━━ Material for the task
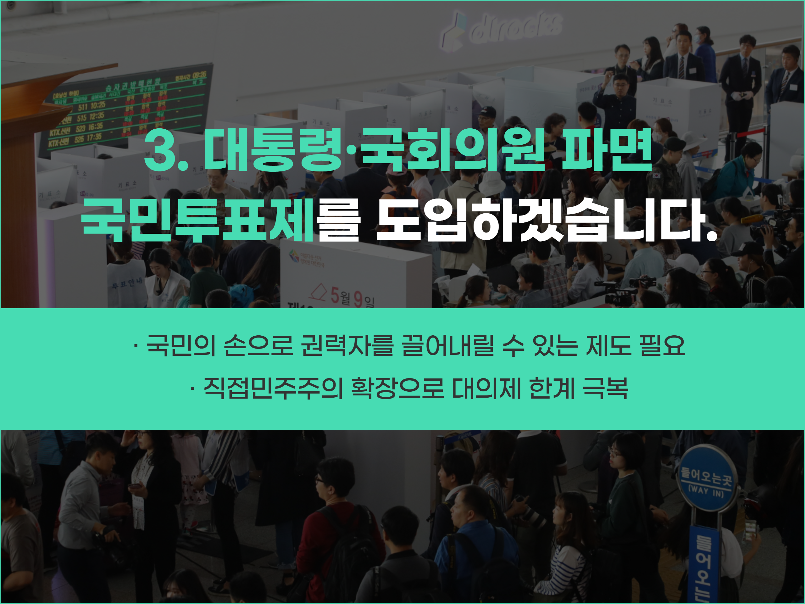 3. 대통령·국회의원 파면 국민투표제를 도입하겠습니다.
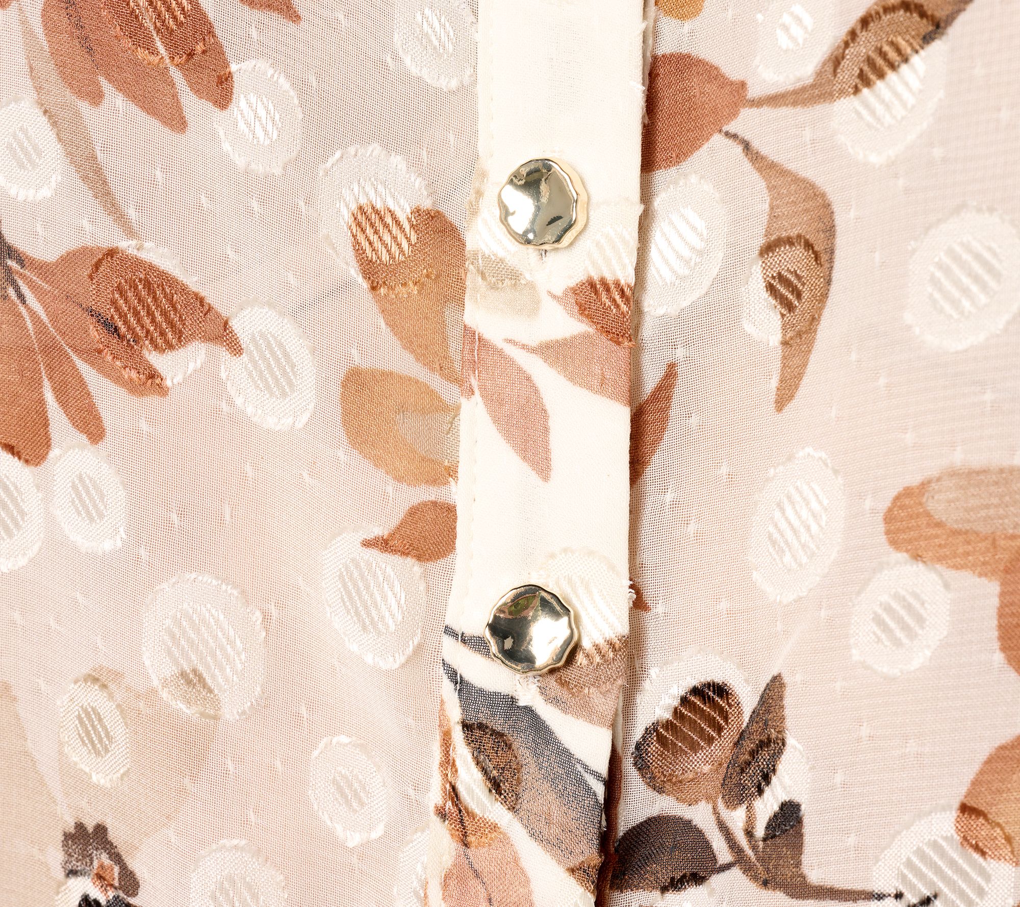 • Features: clip dot design, collar and collar stand, Y-neck along with button center-front placket, set-in long sleeves with shirring and sleeve caps and elastic sleeve opening, shirttail hem with side slits
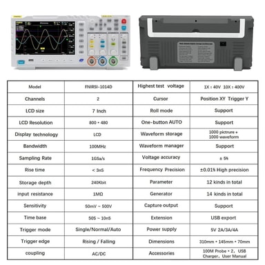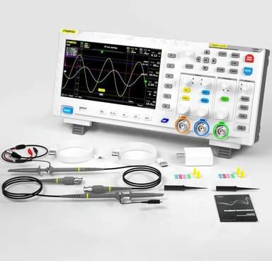 Detta oscilloskop från FNIRSI är ett kraftfullt verktyg för både hobbyister och professionella användare inom elektronik. Med dubbel kanal, 100MHz*2 analog bandbredd och en realtids-samlingshastighet på 1GSa/s kan du mäta och analysera signaler med hög precision. Tack vare den inbyggda DDS signalgeneratorn och omfattande lagringsmöjligheter fungerar enheten både som analysator och generator i ett kompakt och bärbart format.
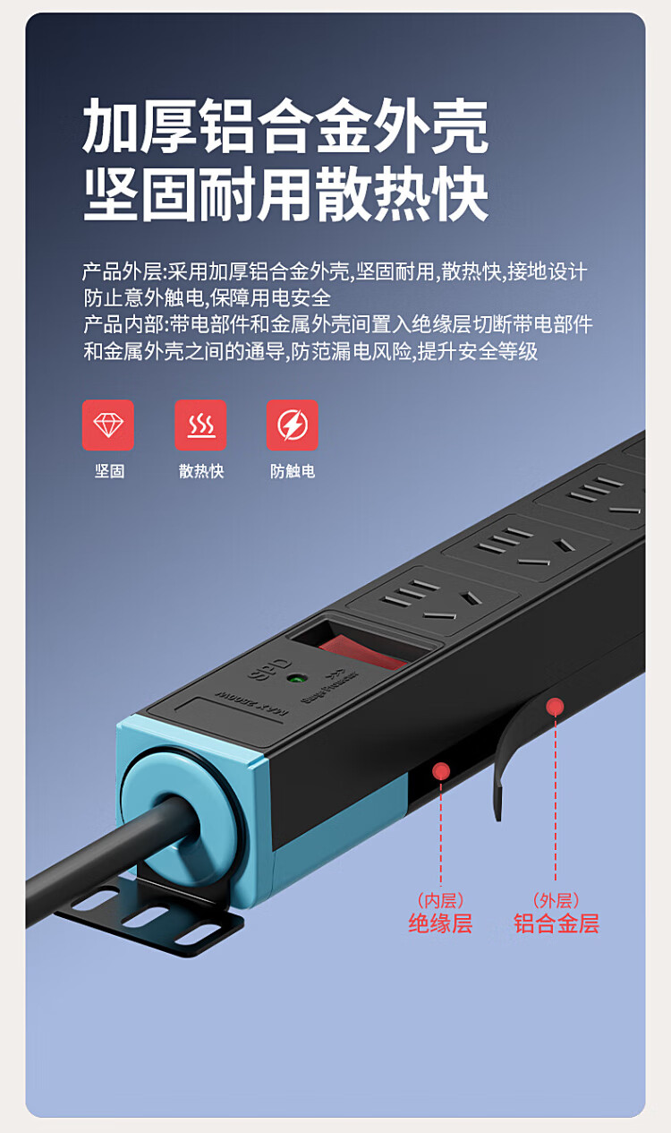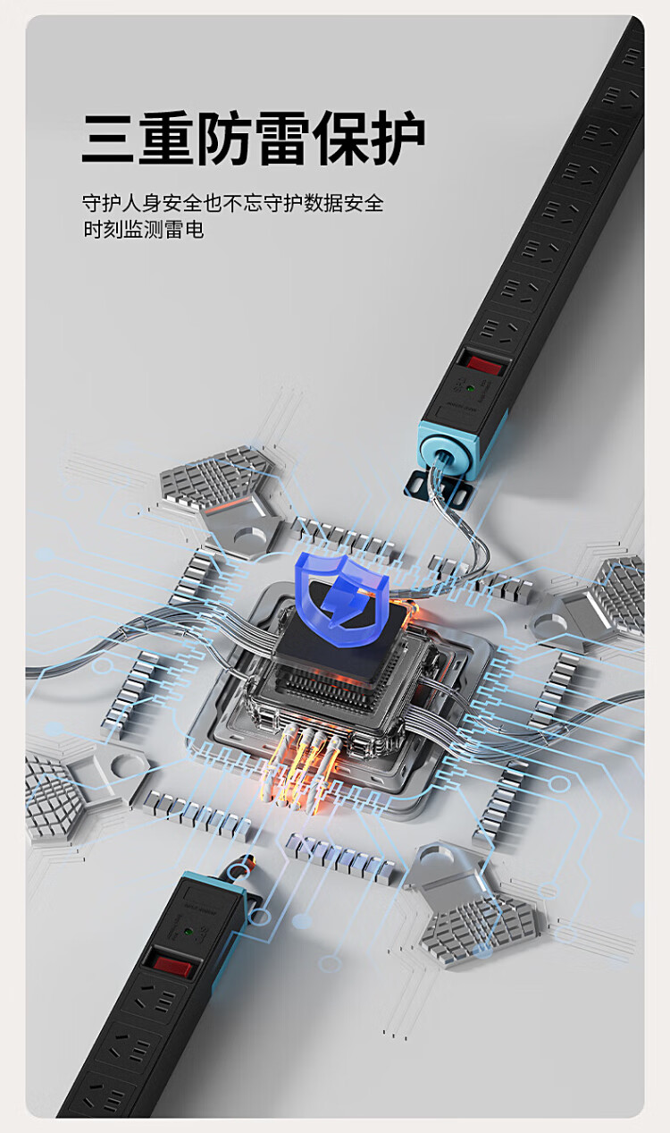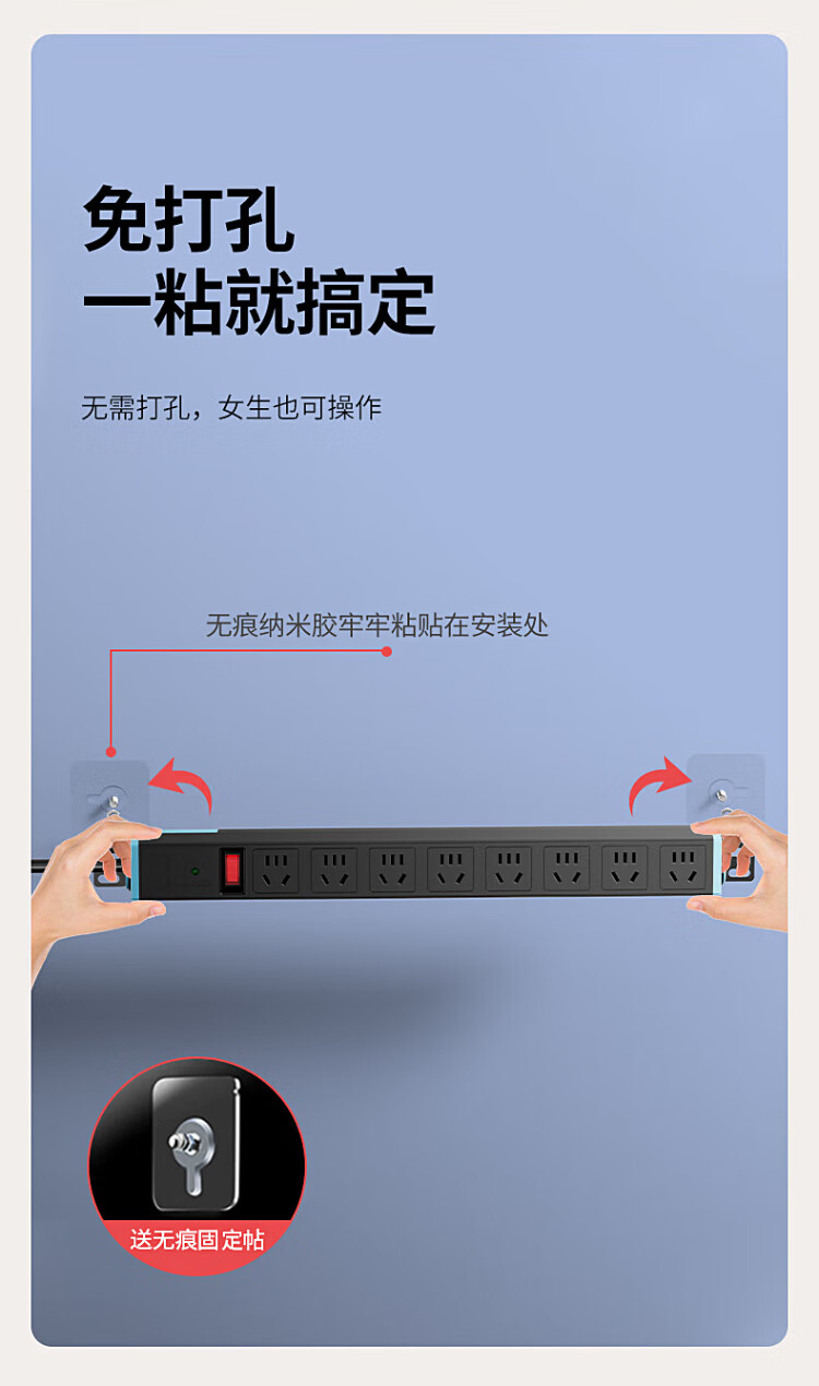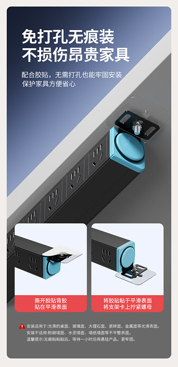 International Electrician PDU Power Strip Cabinet Desktop Gaming Power Strip Under the Desk with Corded Plug Board/Socket/Plug Board/Terminal Board/Pull Line Board 6-digit Wireless One-Click Power Off Black
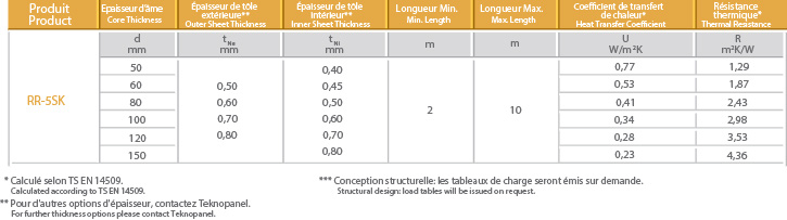 - Selon TS EN 14509, les valeurs U varient entre 0,77 - 0,23 W/m2K en fonction de l'épaisseur du panneau
━━━━
Excluding pictures, print all lines above exactly.

Result below
 3. 대통령·국회의원 파면 국민투표제를 도입하겠습니다.
 • Features: clip dot design, collar and collar stand, Y-neck along with button center-front placket, set-in long sleeves with shirring and sleeve caps and elastic sleeve opening, shirttail hem with side slits
 Detta oscilloskop från FNIRSI är ett kraftfullt verktyg för både hobbyister och professionella användare inom elektronik. Med dubbel kanal, 100MHz*2 analog bandbredd och en realtids-samlingshastighet på 1GSa/s kan du mäta och analysera signaler med hög precision. Tack vare den inbyggda DDS signalgeneratorn och omfattande lagringsmöjligheter fungerar enheten både som analysator och generator i ett kompakt och bärbart format.
 International Electrician PDU Power Strip Cabinet Desktop Gaming Power Strip Under the Desk with Corded Plug Board/Socket/Plug Board/Terminal Board/Pull Line Board 6-digit Wireless One-Click Power Off Black
 - Selon TS EN 14509, les valeurs U varient entre 0,77 - 0,23 W/m2K en fonction de l'épaisseur du panneau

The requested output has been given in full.